After New Crowns-Veneers-or-Restorations

Patient Instructions: Caring for Your New Crowns/Veneers/Restorations

Now that you have your new dental restorations, it is important you ensure their lasting strength and beauty. Proper homecare will preserve their original shine as well as maintain the health of your surrounding gum and bone. By avoiding certain foods and habits, you will minimize the threat of breaking or discolouring your new teeth.

 Frequently Asked Questions

  1. How can I best care for my dental restorations?

Daily brushing and flossing are necessary to maintain the health of your teeth and dental work. Use a soft toothbrush with an appropriate toothpaste. Many types of toothpaste, including all “whitening” toothpastes, are too abrasive and will take the shine off your restorations. Your dental provider will suggest a toothpaste with a low abrasive index and preferably with fluoride to keep your natural teeth strong.

The use of an appropriate mouth rinse is an effective way to promote your dental health.

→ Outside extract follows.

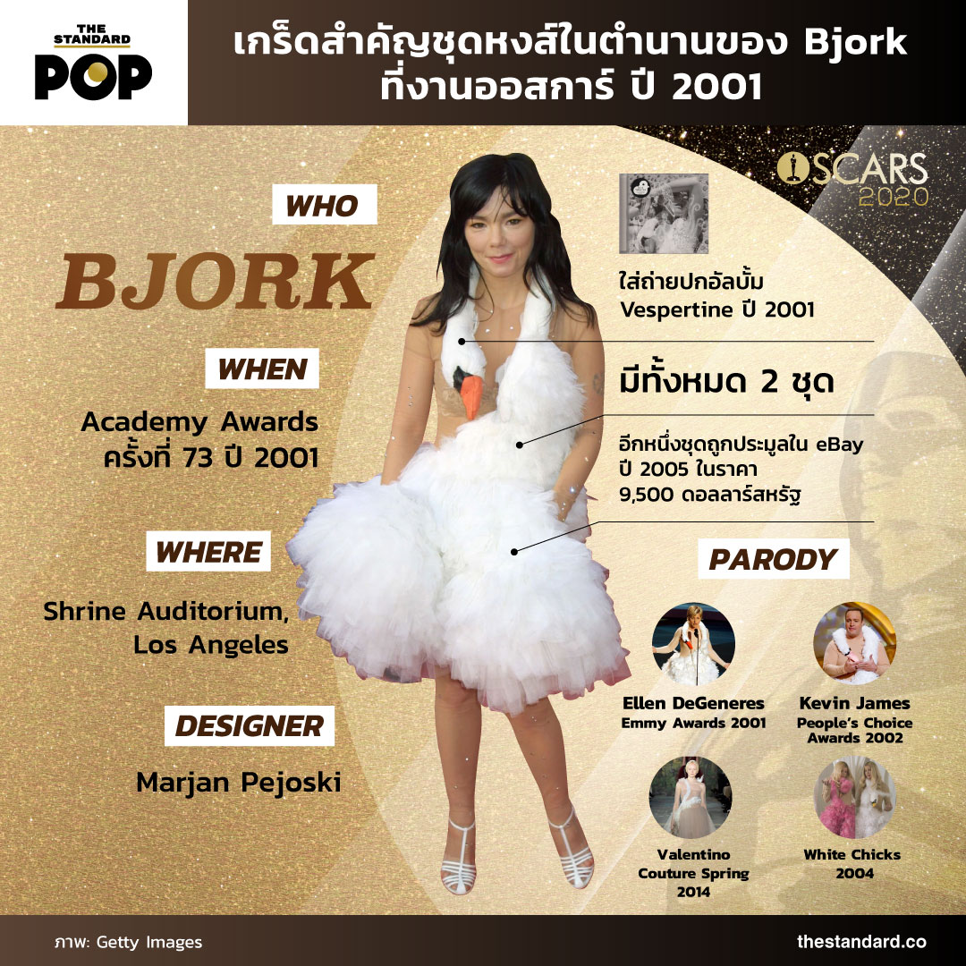 ในงานออสการ์ คงไม่มีชุดไหนที่ถูกล้อเลียนมากไปกว่าชุด Swan Dress ของศิลปินหญิงสุดแนวอย่าง บียอร์ก ที่เธอใส่ไปเดินพรมแดงงาน Academy Awards ปี 2001 ชุดเดรสพร้อมบอดี้สูทสีเนื้อที่ทำให้ตัวหงส์ทั้งตัวเหมือนกำลังพาดอยู่บนตัวเธอ สามารถเรียกเสียงวิจารณ์จากเหล่าแฟชั่นนิสต้าและคนบันเทิงได้อย่างอื้ออึง

Your dental provider will suggest a non-acidic mouth rinse that contains both fluoride and xylitol. Avoid using mouth rinses that contain alcohol as these tend to burn your tissue and break down the cement that keeps your dental restorations in place.


  1. What can I eat with my dental restorations?

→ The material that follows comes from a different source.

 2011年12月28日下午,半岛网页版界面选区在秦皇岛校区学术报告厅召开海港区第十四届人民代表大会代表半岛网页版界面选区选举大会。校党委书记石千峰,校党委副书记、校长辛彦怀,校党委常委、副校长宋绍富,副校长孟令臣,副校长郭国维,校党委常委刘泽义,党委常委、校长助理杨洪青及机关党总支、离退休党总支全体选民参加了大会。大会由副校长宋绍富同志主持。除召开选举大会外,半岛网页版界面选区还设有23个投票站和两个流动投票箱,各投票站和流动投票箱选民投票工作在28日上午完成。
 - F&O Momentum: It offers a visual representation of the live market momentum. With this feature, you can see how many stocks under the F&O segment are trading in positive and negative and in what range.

Your dental restorations should look and feel like a natural part of your mouth. You will be able to enjoy a wide variety of foods with your new teeth. Having said that, there are certain foods and eating habits that are prudent to enjoy in moderation or avoid altogether.

To decrease the risk of chipping or debonding a dental restoration, try to avoid:

  • Using your teeth to scrape or pull meat off a bone
  • Biting into raw carrots or other very hard foods
  • Chewing toffee or other dense, sticky foods

To decrease the risk of staining or dulling your restorations, try to enjoy the following in moderation:

  • Intensely coloured foods and beverages such as berries, tea, coffee, red wine and dark soda or fruit juice
  • Acidic foods and beverages such as citrus fruits, iced teas and sodas
  • Smoking and chewing tobacco can cause severe discoloration of your teeth and should be avoided.
  • Alcoholic beverages will hasten the demise of bonded restorations and should be enjoyed in moderation.

 

  1. Are there things that might harm my new teeth besides eating?

Many oral habits can damage or dislodge dental restorations. You should not use your teeth for anything other than chewing food. Avoid such habits as:

  • Chewing pencils, toothpicks or ice cubes
  • Biting your nails
  • Opening bags, containers or bottles with your teeth
  • Cutting fishing line or sewing thread with your teeth

 

  1. Will my teeth be sensitive after my new restorations are placed?

Mild sensitivity is common following the permanent placement of your dental restorations. The gum surrounding your new teeth, as well as your jaw muscles, may be tender for a few days. Your teeth themselves may be sensitive to cold, hot and chewing. Sensitivity to cold takes longest to resolve, but generally your teeth will feel normal again within a month. If sensitivity persists for more than 3 months you should notify your dental office.